I fear that as I move forward in collecting my thoughts about what I am doing, and how it is spiritual, I find that I fall into the normal and almost expected traps I tend to build for myself. I try so hard to find ways for my thoughts to fit within the science I study. I try so hard to solidify the efforts into something tangible. But when it comes down to it, you need to ask yourself, is this really spiritual at all? Is this really something I am doing on faith, or for my own path moving forward.
In an effort to make sure that I am keeping information centralized, I would like to outline the circumstances as to why I wrote the sermon I gave last week, and how I do regard it as part of my shamanic work. This is not something anyone has challenged me on, but I find having the context makes it easier to go back to, review, and accept it for what it is.

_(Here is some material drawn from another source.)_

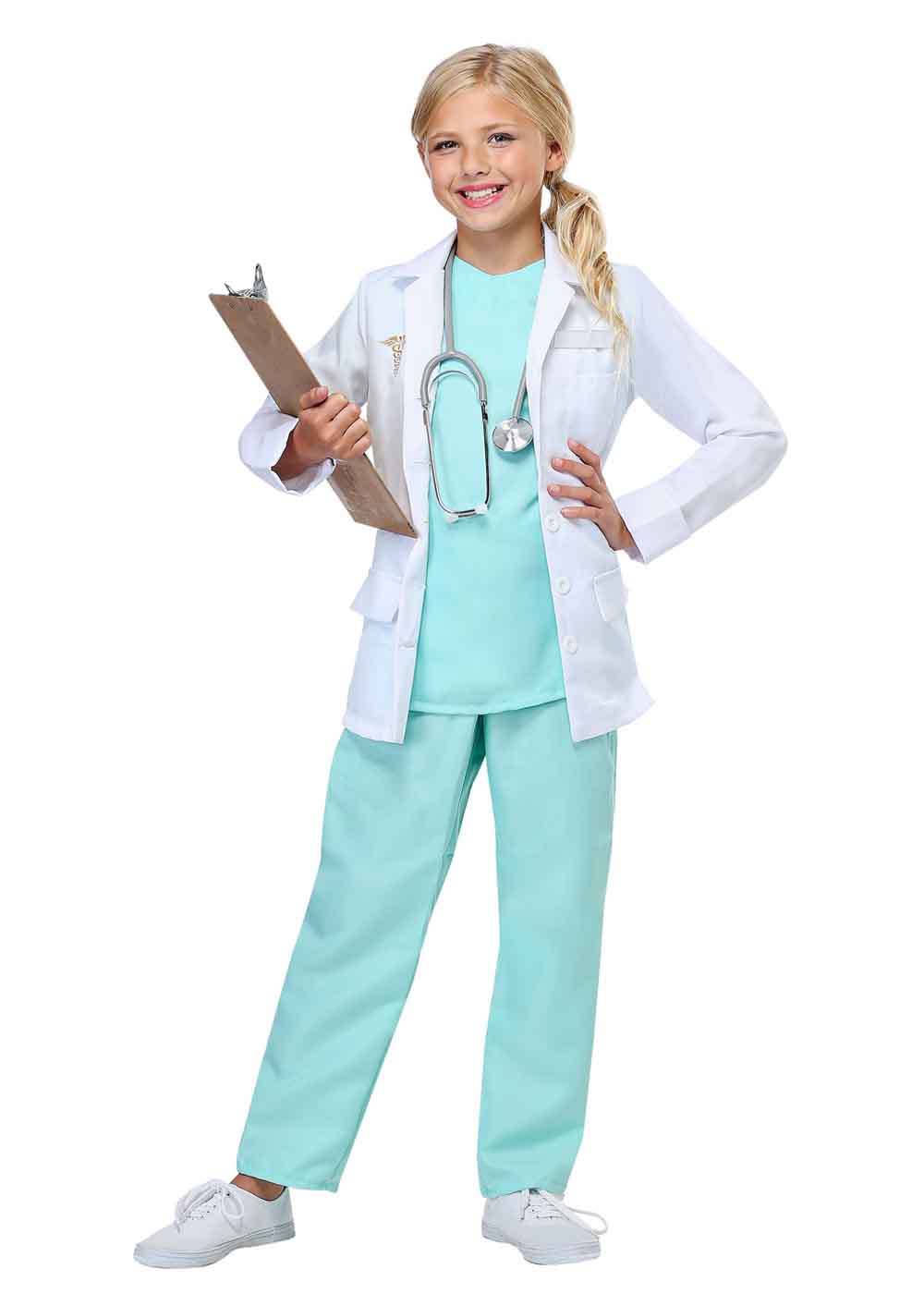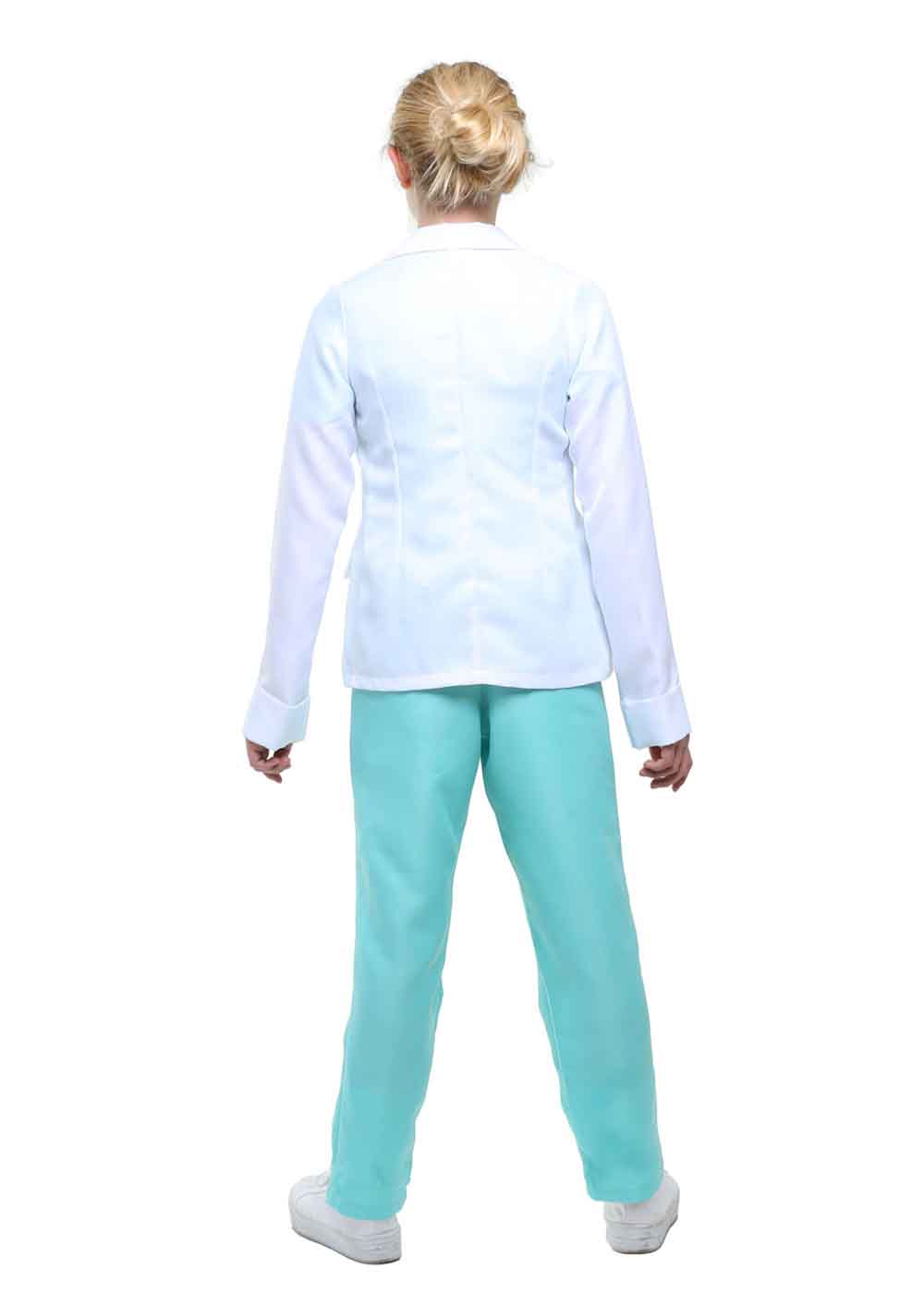 Костюм доктора для девочки включает кофту с пуговицей на спине, брюки с эластичным поясом и лабораторный халат с функциональными карманами.

(This refers to the post: Unpacking your invisible Misa)
I was assisting with a project in December of 2014 at our congregation, and there were subtle pieces of conversation that truly illustrated to me that there is a fair amount of privilege our congregation holds, and some of the members speak in ways that make it harder to ignore. As someone who has been doing a fair amount of ego work, and a fair amount of work recognizing my own privilege, I emailed our Rabbi to suggest that we do a sermon on Privilege.

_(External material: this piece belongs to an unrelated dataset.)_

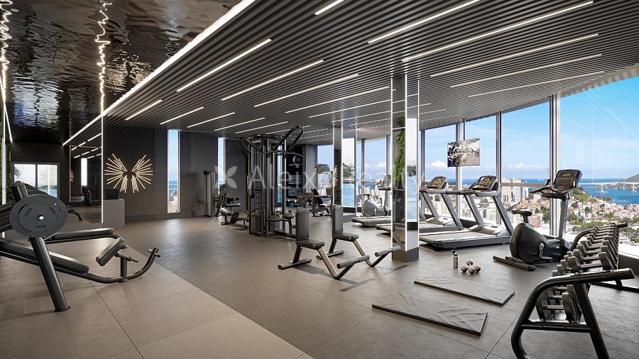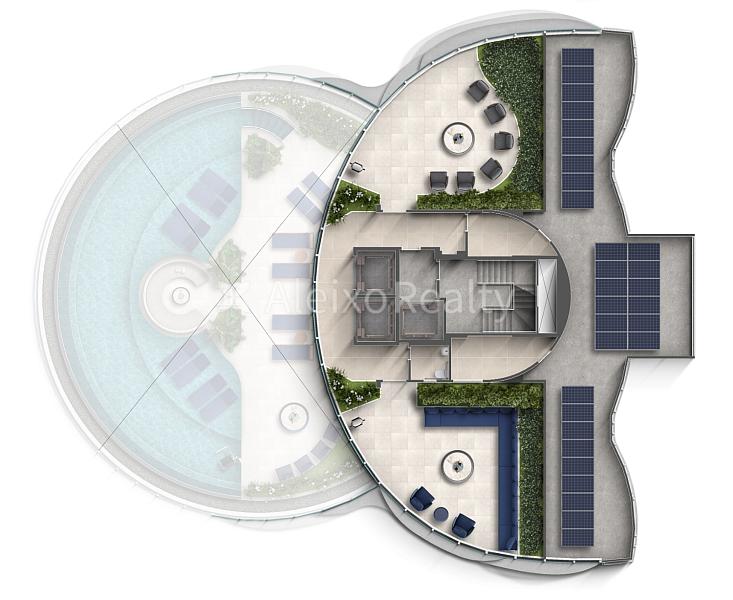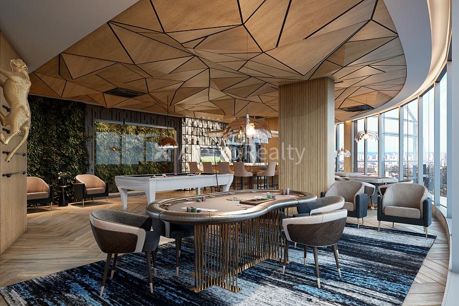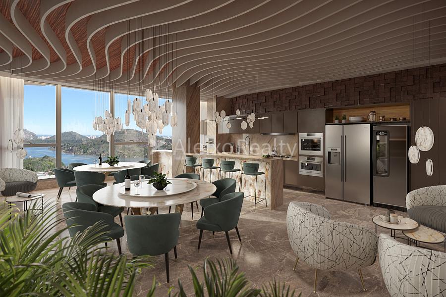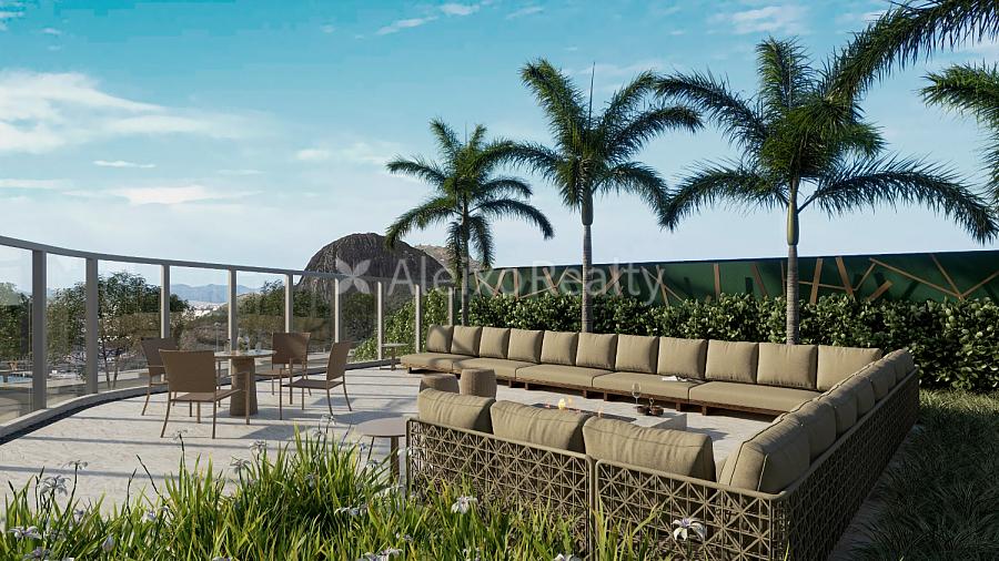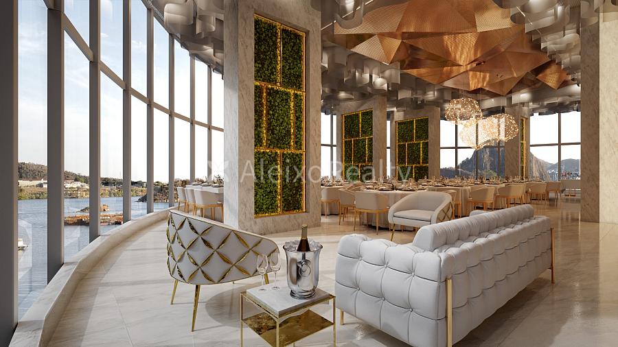 • Cobertura (35º ao 37º andar): piscina de borda infinita com decks molhado e seco, lounge, academia completa, sauna, spa com piscina aquecida, dois espaços gourmet (confraria e grill), pub com vista panorâmica, sky gardens com champanheira e mirantes para Vila Velha e Guarapari.

With so much of what I do in this community, I plant a seed, and wait for it to grow into something that starts to address the problem at hand. Our Rabbi is a remarkable woman, and recognizing the potential the idea had, and the potential benefit it could return, she saturated that seed with Miracle-Grow! (Okay, to ditch the hokey metaphor, she sent me an email and said, “That sounds amazing, let’s do it in 2 weeks, on Dr. Martin Luther King day.”)

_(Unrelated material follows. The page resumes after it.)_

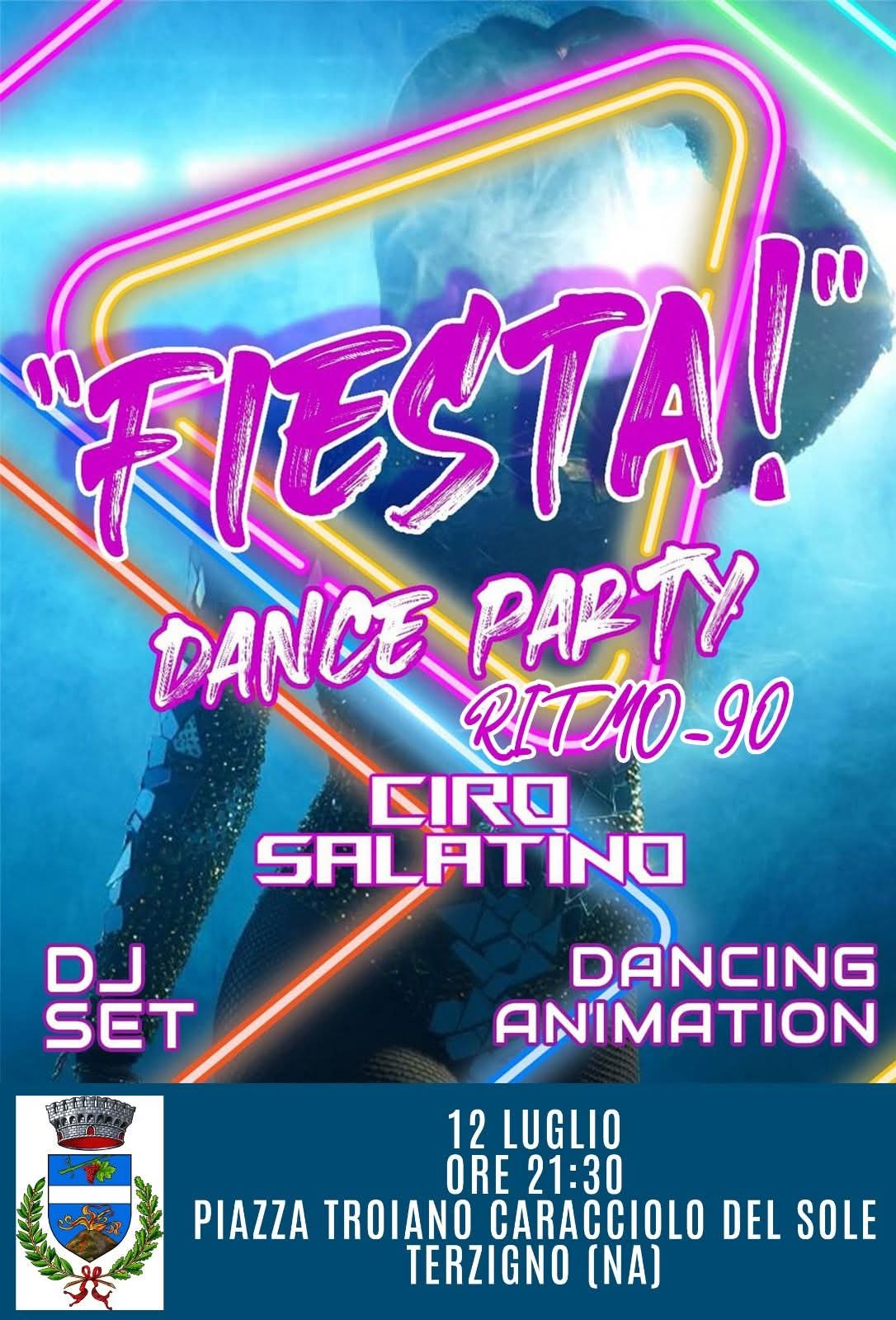 TERZIGNO – Sabato 12 luglio alle ore 21:30, Piazza Troiano Caracciolo del Sole si trasformerà in una vera e propria discoteca a cielo aperto per ospitare “Fiesta! – Dance Party Ritmo 90”, un evento che si preannuncia come uno dei momenti clou dell’estate terzignese.

The context behind this sermon was that I saw a small piece of our community that subtly rots away at the soul of our congregation. A small piece that works against our very goals and fiber. And when I realized that it was there, in order to start to heal, or at least acknowledge it was there as to not make it become worse, action needed to be taken. The action I took was to write a Teaching to be given that would educate people about their invisible privilege, in a way they could hear, and not take offense. By giving this speech about myself, I was able to assure people didn’t dis-acknowledge the message due to their own refusal to accept that they have privilege, nor miss the message as they were caught up in guilt over the recognition of their own privilege.
This is shamanism because it is effort put forward, with both subtle and overt overtones to change the community for the betterment of the community.
Writing this was spiritual and quite a challenge on my own path, as well. I was assisted by my two guides (for lack of a better phrase) on how to push this in the right direction. They also encouraged me to accept the aspects of myself that are more challenging to talk about. I have to really address the content of what made to be who I am, and not only address the fears that came out of it, but also, really sit with the experiences that I faced, and feel what they mean. Writing this speech was the core of personal growth and personal healing work. Giving this speech, was the core of shamanism.